* boot-time slowdown for measure_migration_cost
@ 2006-01-27 21:03 Bjorn Helgaas
2006-01-30 17:21 ` Ingo Molnar
0 siblings, 1 reply; 12+ messages in thread
From: Bjorn Helgaas @ 2006-01-27 21:03 UTC (permalink / raw)
To: Ingo Molnar; +Cc: linux-ia64, linux-kernel
The boot-time migration cost auto-tuning stuff seems to have
been merged to Linus' tree since 2.6.15. On little one- or
two-processor systems, the time required to measure the
migration costs isn't very noticeable, but by the time we
get to even a four-processor ia64 box, it adds about
30 seconds to the boot time, which seems like a lot.

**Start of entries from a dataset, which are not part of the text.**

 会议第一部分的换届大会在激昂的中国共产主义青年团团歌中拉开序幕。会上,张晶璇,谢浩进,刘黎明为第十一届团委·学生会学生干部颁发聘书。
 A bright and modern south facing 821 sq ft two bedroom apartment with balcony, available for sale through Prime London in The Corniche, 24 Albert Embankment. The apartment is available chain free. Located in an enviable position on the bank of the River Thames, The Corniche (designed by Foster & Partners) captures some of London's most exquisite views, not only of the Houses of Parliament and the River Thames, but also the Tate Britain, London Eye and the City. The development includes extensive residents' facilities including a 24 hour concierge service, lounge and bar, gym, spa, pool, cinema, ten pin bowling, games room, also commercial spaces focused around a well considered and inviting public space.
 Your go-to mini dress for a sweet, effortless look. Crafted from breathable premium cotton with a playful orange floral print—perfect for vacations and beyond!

Is that expected? Is the information we get really worth
that much? Could the measurement be done at run-time
instead? Is there a smaller hammer we could use, e.g.,
flushing just the buffer rather than the *entire* cache?
Did we just implement sched_cacheflush() incorrectly for
ia64?
Only ia64, x86, and x86_64 currently have a non-empty
sched_cacheflush(), and the x86* ones contain only "wbinvd()".

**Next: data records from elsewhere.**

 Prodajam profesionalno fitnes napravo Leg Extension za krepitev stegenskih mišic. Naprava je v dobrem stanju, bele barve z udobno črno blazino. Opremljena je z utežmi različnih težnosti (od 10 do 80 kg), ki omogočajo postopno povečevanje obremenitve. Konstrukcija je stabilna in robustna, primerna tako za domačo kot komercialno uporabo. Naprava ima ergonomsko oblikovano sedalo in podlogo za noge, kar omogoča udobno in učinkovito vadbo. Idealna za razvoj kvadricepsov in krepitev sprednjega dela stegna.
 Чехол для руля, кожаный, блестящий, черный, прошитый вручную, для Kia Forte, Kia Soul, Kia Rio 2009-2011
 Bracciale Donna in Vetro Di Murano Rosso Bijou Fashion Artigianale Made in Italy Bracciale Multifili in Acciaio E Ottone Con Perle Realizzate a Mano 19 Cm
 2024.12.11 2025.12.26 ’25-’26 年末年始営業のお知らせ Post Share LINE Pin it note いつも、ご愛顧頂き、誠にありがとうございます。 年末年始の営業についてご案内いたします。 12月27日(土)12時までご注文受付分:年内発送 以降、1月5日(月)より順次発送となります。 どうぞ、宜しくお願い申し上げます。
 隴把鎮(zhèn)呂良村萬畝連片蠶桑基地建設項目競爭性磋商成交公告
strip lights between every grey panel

So I suspect that only ia64 sees this slowdown. But I would
guess that other arches will implement it in the future.
Bjorn
^ permalink raw reply [flat|nested] 12+ messages in thread
* Re: boot-time slowdown for measure_migration_cost
2006-01-27 21:03 boot-time slowdown for measure_migration_cost Bjorn Helgaas
@ 2006-01-30 17:21 ` Ingo Molnar
2006-01-30 18:53 ` Luck, Tony
2006-01-30 19:26 ` Chen, Kenneth W
0 siblings, 2 replies; 12+ messages in thread
From: Ingo Molnar @ 2006-01-30 17:21 UTC (permalink / raw)

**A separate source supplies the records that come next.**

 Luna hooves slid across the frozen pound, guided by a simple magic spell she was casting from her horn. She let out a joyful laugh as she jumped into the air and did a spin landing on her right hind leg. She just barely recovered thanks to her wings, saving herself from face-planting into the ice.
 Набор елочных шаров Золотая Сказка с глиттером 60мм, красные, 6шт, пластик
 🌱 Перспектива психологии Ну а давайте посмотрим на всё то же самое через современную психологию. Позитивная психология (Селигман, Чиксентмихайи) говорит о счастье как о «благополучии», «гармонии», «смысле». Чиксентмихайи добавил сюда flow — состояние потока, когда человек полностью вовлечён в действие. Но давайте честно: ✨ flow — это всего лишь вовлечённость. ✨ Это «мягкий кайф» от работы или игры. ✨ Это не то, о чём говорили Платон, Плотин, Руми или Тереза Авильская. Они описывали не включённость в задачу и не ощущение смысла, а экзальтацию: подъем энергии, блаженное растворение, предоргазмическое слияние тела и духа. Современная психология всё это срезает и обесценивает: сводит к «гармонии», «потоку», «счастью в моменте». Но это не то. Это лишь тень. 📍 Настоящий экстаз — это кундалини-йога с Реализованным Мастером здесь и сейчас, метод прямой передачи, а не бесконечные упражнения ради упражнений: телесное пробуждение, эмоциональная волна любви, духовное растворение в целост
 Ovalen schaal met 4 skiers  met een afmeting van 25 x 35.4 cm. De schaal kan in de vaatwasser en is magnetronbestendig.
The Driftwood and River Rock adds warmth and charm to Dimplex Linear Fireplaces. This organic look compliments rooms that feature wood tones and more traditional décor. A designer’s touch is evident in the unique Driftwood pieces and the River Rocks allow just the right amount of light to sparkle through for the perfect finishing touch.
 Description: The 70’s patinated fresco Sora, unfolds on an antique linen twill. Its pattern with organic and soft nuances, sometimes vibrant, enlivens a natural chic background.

To: Bjorn Helgaas; +Cc: Ingo Molnar, linux-ia64, linux-kernel
* Bjorn Helgaas <bjorn.helgaas@hp.com> wrote:
> The boot-time migration cost auto-tuning stuff seems to have been
> merged to Linus' tree since 2.6.15. On little one- or two-processor
> systems, the time required to measure the migration costs isn't very
> noticeable, but by the time we get to even a four-processor ia64 box,
> it adds about 30 seconds to the boot time, which seems like a lot.
>
> Is that expected? Is the information we get really worth that much?
> Could the measurement be done at run-time instead? Is there a smaller
> hammer we could use, e.g., flushing just the buffer rather than the
> *entire* cache? Did we just implement sched_cacheflush() incorrectly
> for ia64?
>
> Only ia64, x86, and x86_64 currently have a non-empty
> sched_cacheflush(), and the x86* ones contain only "wbinvd()". So I
> suspect that only ia64 sees this slowdown. But I would guess that
> other arches will implement it in the future.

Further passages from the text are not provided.